**What you will do:**
What you return should be the exact lines from the one with "li(load 32-bit immediate)" to the end of the records below, both included, and no pictures.

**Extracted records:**
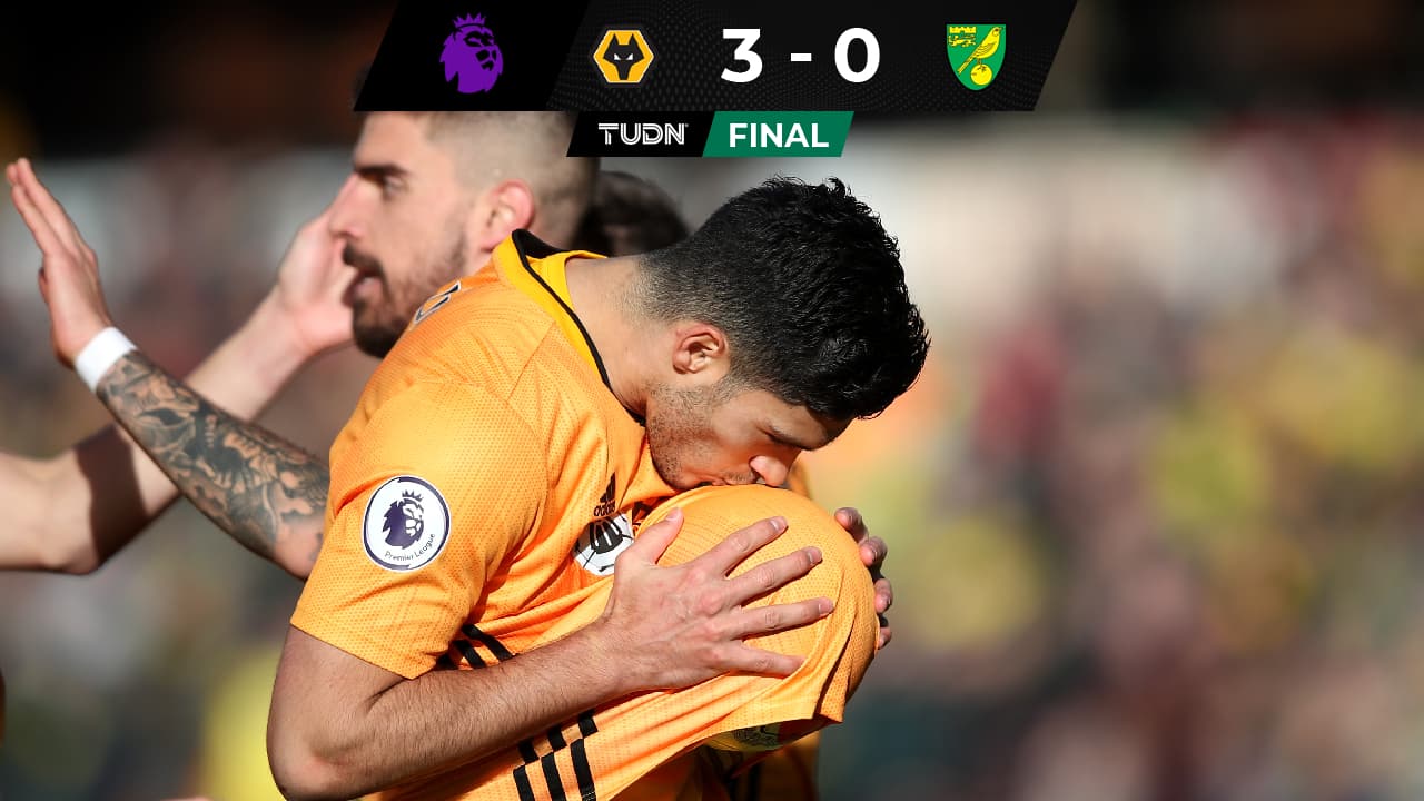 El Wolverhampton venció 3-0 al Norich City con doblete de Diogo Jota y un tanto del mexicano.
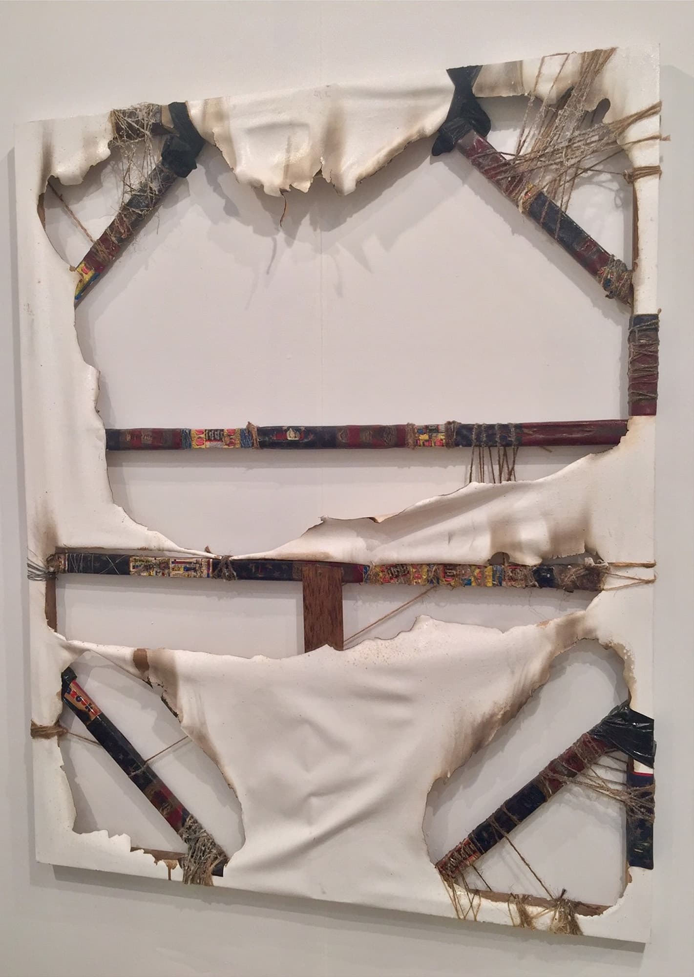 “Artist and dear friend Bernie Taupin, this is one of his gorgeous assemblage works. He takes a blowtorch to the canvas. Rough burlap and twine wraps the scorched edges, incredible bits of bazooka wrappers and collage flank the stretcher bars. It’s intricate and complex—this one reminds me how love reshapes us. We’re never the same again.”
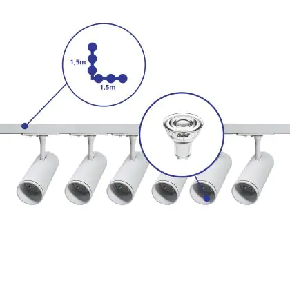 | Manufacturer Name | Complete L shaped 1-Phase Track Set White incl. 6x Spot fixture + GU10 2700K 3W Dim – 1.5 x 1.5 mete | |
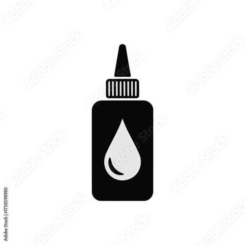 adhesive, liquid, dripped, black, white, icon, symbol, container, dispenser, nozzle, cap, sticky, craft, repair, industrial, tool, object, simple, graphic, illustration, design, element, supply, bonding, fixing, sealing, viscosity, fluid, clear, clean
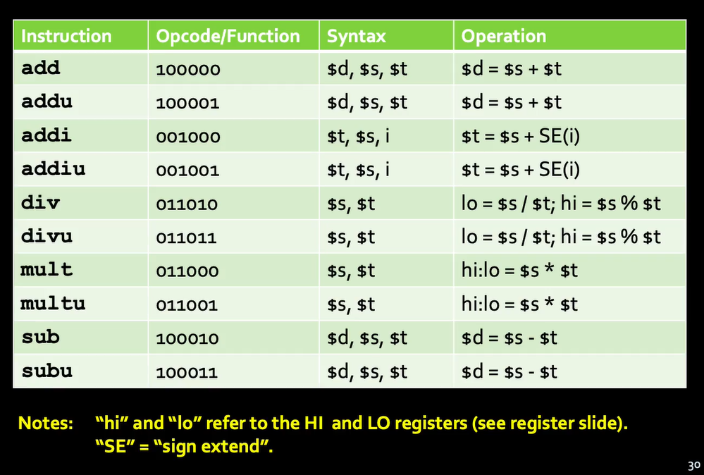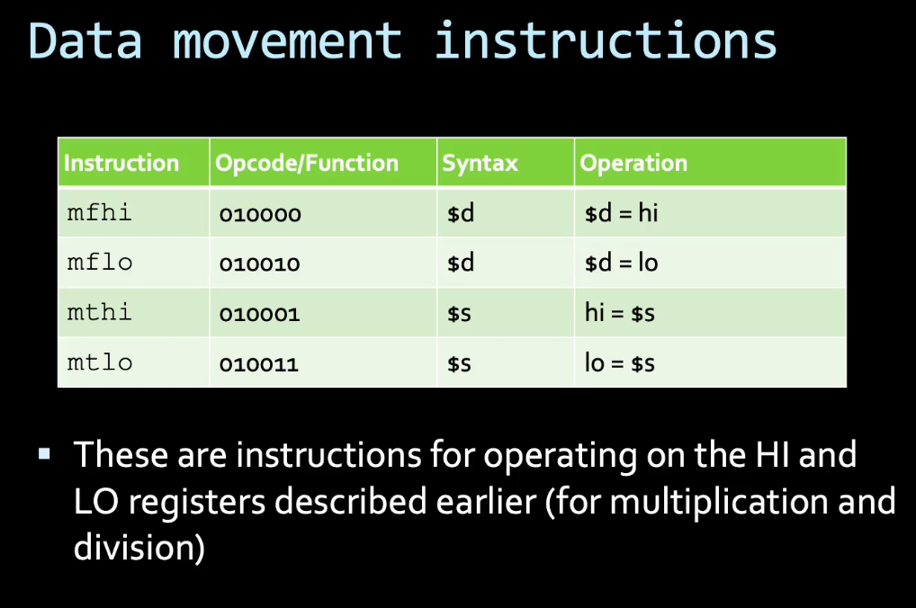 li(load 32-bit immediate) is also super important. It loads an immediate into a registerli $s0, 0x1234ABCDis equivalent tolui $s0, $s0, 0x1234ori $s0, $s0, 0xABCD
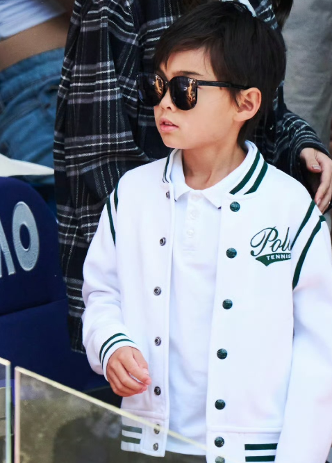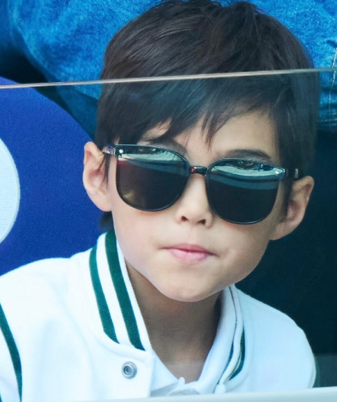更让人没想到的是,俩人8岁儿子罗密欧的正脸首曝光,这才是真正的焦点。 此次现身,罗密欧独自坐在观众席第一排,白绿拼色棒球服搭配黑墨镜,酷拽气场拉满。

**Result of this task:**
 li(load 32-bit immediate) is also super important. It loads an immediate into a registerli $s0, 0x1234ABCDis equivalent tolui $s0, $s0, 0x1234ori $s0, $s0, 0xABCD
更让人没想到的是,俩人8岁儿子罗密欧的正脸首曝光,这才是真正的焦点。 此次现身,罗密欧独自坐在观众席第一排,白绿拼色棒球服搭配黑墨镜,酷拽气场拉满。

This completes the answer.